Of course distance based charging is not new. Even excluding the handful of US states with rather simple paper based truck weight/distance taxes, New Zealand has been a pioneer with distance based Road User Charges (RUC) since 1978 for all vehicles over 3.5 tonnes on all public roads, and all diesel vehicles (including cars, vans and other light vehicles). Switzerland introduced distance based charging, called the LSVA, in 2001 on all vehicles over 3.5 tonnes on all public roads (after a referendum). Germany more famously introduced distance based charging, called LKW-Maut, in 2005 on all trucks over 12 tonnes on all motorways (and some A roads). Austria introduced distance based charging, called Go-Maut, for all vehicles over 3.5 tonnes on motorways in 2004. The Czech Republic, Slovakia and Poland also have similar systems using different technology. French and Belgian administrations are progressing such systems for introduction in the next couple of years, with the Danish government announcing it intends to introduce such a heavy vehicle charging system as well.
Watch this space
From economics, policy and technological points of view, distance based charging of vehicles is by far the most interesting concept of any form of road pricing. It is directly tied to use, and has the potential to vary by factors that directly influence infrastructure costs and the efficient use of the infrastructure. Debate on shifting from existing fuel and ownership taxes to distance based charging has only emerged in the United States in the past five years, and is also emerging in Australia. The systems in Europe have been driven by the desire to gain revenue from foreign truck operators using national highways whether or not they ever pay fuel tax. In the US and Australia, that dimension has largely been ignored (although it may prove lucrative for some states in both countries), but is more about replacing other taxes. The questions arising from this concept form a very long list, and will challenge not only existing tax mechanisms, but also the management and governance of highways more generally, the allocation of expenditure on them and will mean, in effect, that all roads can be "toll roads".

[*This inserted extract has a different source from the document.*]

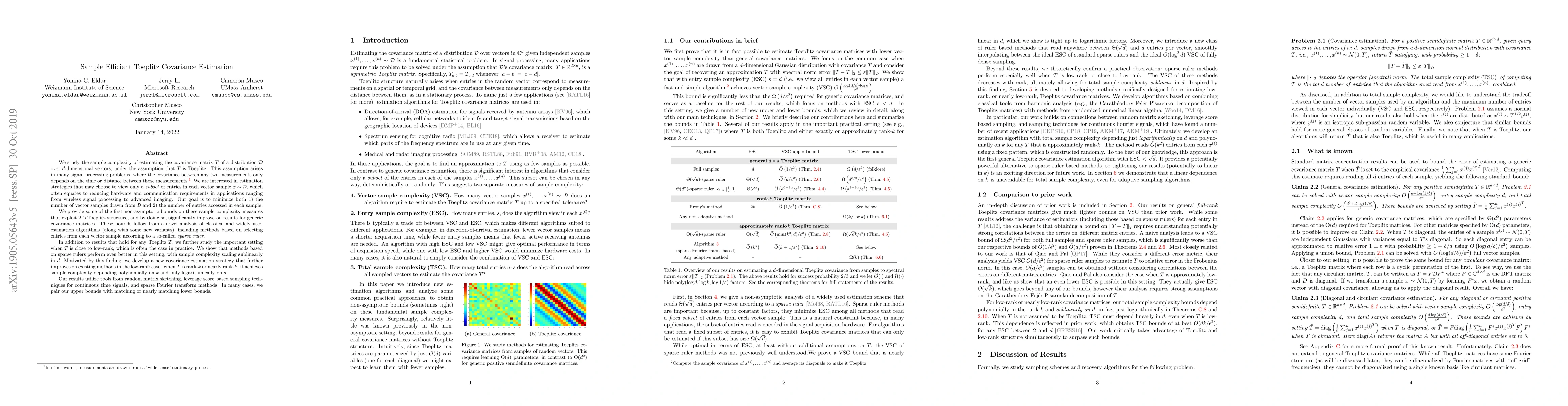 We study the sample complexity of estimating the covariance matrix $T$ of a distribution $\mathcal{D}$ over $d$-dimensional vectors, under the assumption that $T$ is Toeplitz. This assumption arises in many signal processing problems, where the covariance between any two measurements only depends on the time or distance between those measurements. We are interested in estimation strategies that may choose to view only a subset of entries in each vector sample $x \sim \mathcal{D}$, which often equates to reducing hardware and communication requirements in applications ranging from wireless signal processing to advanced imaging. Our goal is to minimize both 1) the number of vector samples drawn from $\mathcal{D}$ and 2) the number of entries accessed in each sample. We provide some of the first non-asymptotic bounds on these sample complexity measures that exploit $T$'s Toeplitz structure, and by doing so, significantly improve on results for generic covariance matrices. Our bounds follow from a novel analysis of classical and widely used estimation algorithms (along with some new variants), including methods based on selecting entries from each vector sample according to a so-called sparse ruler. In many cases, we pair our upper bounds with matching or nearly matching lower bounds. In addition to results that hold for any Toeplitz $T$, we further study the important setting when $T$ is close to low-rank, which is often the case in practice. We show that methods based on sparse rulers perform even better in this setting, with sample complexity scaling sublinearly in $d$. Motivated by this finding, we develop a new covariance estimation strategy that further improves on all existing methods in the low-rank case: when $T$ is rank-$k$ or nearly rank-$k$, it achieves sample complexity depending polynomially on $k$ and only logarithmically on $d$.

The drivers of this debate are political and technological. There are also substantial political barriers to progress on MBUF in the USA that cannot be underestimated, as motorists view paying as being a negative regardless of the means used. However, the fact that most policy makers have started acknowledging that a shift to MBUF/distance based charging is desirable or even inevitable, is an enormous first step along a long path of transition. For now the biggest issue is what such a transition will mean, and how to do it in a way that achieves public and political acceptability. It isn't the technology that is the problem - it is how to address the enormous bubble of cynicism, distrust and ignorance around charging for using roads and spending money on roads that exists today.
I will be writing up a few points on the Symposium in coming weeks, focusing on some of the critical points as I see them in promoting and developing MBUF systems, acknowledging some key presenters. Only a decade ago, it was Europe that was at the forefront of moving on road pricing with studies and interest in pricing to relieve congestion and better price road use to reduce externalities and finance infrastructure. Today, that centre of gravity is moving to the United States. Hopefully this will mean lessons learnt across continents in this sector can be shared, so that workable, affordable, acceptable and efficient options can be embraced in the years ahead.